Since then, I’ve been assigned an LA City Championship Game four of the last eight seasons, at three different positions, two as a referee and crew chief.

Most recently, I was assigned as the referee for the Crenshaw vs. Banning Division I CIF LA City Section Championship, with the support of the Los Angeles Football Officials Association President Brandon Sampson..

That is no small deal.

I’ve been elected by the membership as the association’s secretary and now treasurer, even being nominated for president (though I declined the nomination — as a white member of an organization consisting mostly of people of color, I think a Black, Hispanic, Asian or other person of color should be president).

I advanced quickly through the college ranks, working Southern California Community College bowl games both seasons I was on a crew, including one as a referee after my first season as a crew chief.

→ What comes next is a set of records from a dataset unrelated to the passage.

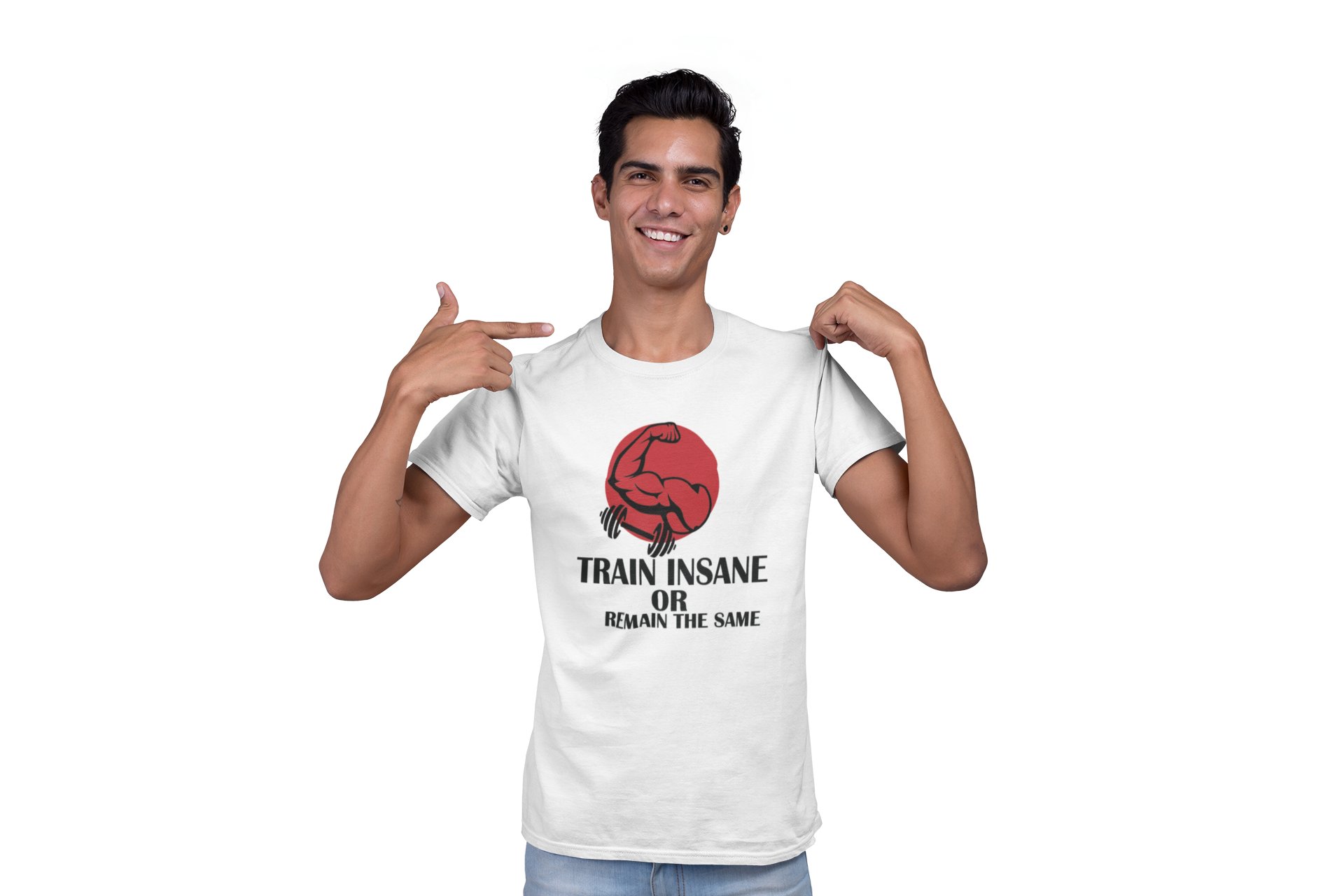Train Insane or Remain The Same Round Neck Gym Tshirt (White Tshirt) - Clothes for Gym Lovers - Suitable for Gym Going Person - Foremost Gifting Material for Your Friends and Close Ones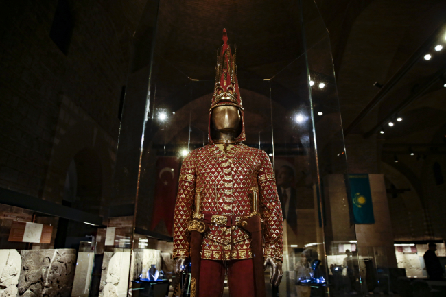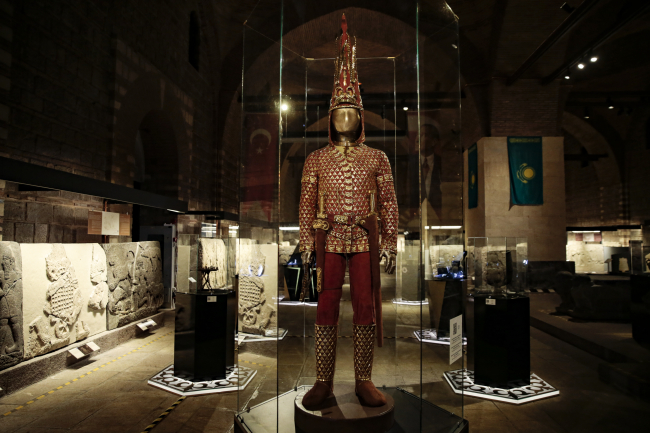 [Fotoğraf: AA]Tigin’in deri kaftan ceketi, sağdan sola doğru kapanan v yakalı, uçları yukarıya dönük, alt uçları birbirile ile temas eden yüzlerce üçgen altın levhanın birbirine geçirilmesiyle pullu formda olup adeta altından zırh şeklinde dokunmuş. Zırh, plakaların kenarlarına açılan deliklerden altın ip geçilerek birbirine tutturulmuş olup gömlek sola doğru düğmeleniyor. Kaftanın yakası, omuz hizası, kolun alt taraflarına dörtgen şeklindeki plakalara bezenmiş yırtıcı pars figürü ile süslenmiş.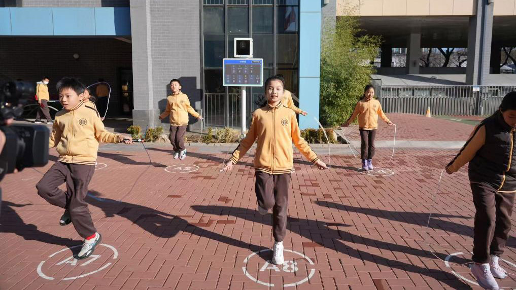 在北京第二实验小学,学生们正在使用智慧跳绳设备进行锻炼。新华社记者 谢晗 摄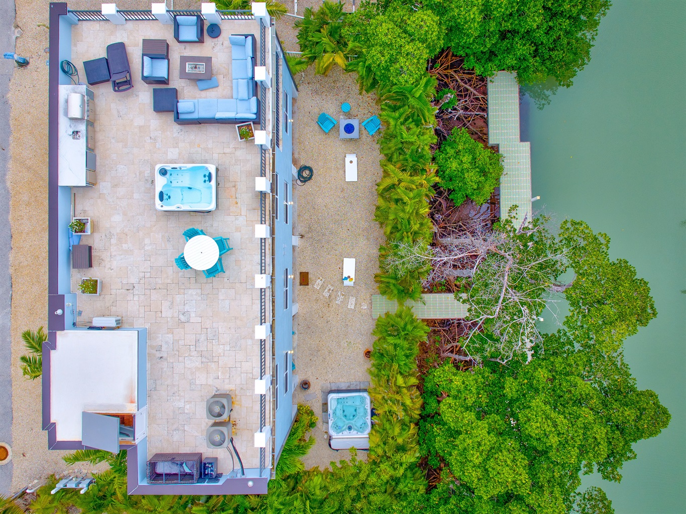Our private backyard oasis, complete with a large hot tub, offers a tranquil setting for repose. The 75 ft dock invites you to set sail on boating escapades, complemented by the mangrove jungle, enhancing the adventurous ambiance.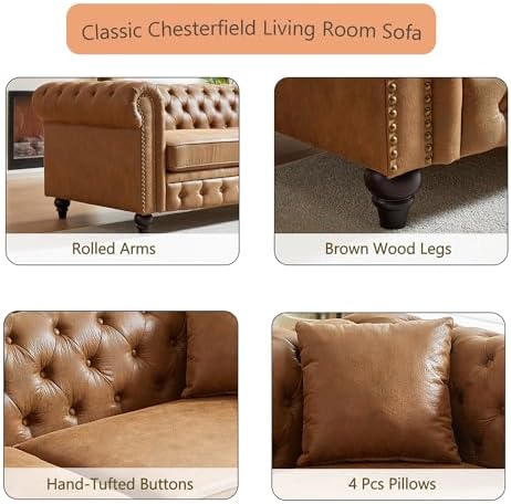 👑 Classic Chesterfield Design: Timeless rolled arms, hand-tufted buttons, and rich brown wooden legs deliver vintage charm with modern comfort, perfect for traditional or contemporary decor.

I was hired by the competitive Division III Southern California Intercollegiate Athletic Conference, where Vern Sparling and Michael Frain identified me as a solid official and gave me an opportunity. These men are both Christian and gave me a shot. I got good grades. They didn’t give a crap about whether I was married to a man or a woman.

I cannot thank Sparling and Frain enough.

As I worked through college football, Steve Strimling and Frank Villar — two of the most-respected officials in the business — became my mentors, each of them spending countless hours with me, helping me improve, taking every phone call I made to them.

The NFL hired me — at the recommendation of Patrick Turner — to work in the replay booth at Los Angeles Chargers games, where I worked for two seasons before choosing to leave to spend more time with my husband and friends.

Other longtime officials and legends in the game have offered me nothing but support, knowing very well that I’m gay and with my husband for 20 years: Don Taylor, Gil Correa, Cat Conti, Bill Agopian, Darren Deckard, Apollo Martin…. These officials embraced me for all of me, as long as I worked hard and did a good job.

Over Thanksgiving I got a couple text messages from fellow officials wishing my “husband” and me a happy holidays.

When I talk about how much men’s sports have changed, and how gay men are now widely accepted, it’s because I’ve walked the walk. I’ve seen the acceptance from the inside out.

Some people claim that men’s sports hate gay people. I disagree. The language and nonsense in and around men’s sports may, at times, devolve into nonsense.

Yet the people in men’s sports get it. They accept excellence no matter where it comes from.

Has my experience as a gay man in football been perfect? Of course not.

I remember one locker-room conversation in 2014 when a couple of officials bemoaned the presence of Michael Sam in the NFL — not knowing that one of the people who helped orchestrate Sam’s coming out was sitting in the locker room with them.

That was almost a decade ago, when LGBTQ acceptance was amazingly still at its infancy.

I can’t tell any gay, lesbian or trans official that they won’t experience discrimination for who they are.

What I can tell them is that this group of mostly Black men, growing up or living in what is referred to as “South Central Los Angeles,” love me. They support me. They know I’m gay, and they shake my hand at the end of a well-officiated football game.

For treating me just like anyone else, I cannot thank all the members of Los Angeles Football Officials Association enough.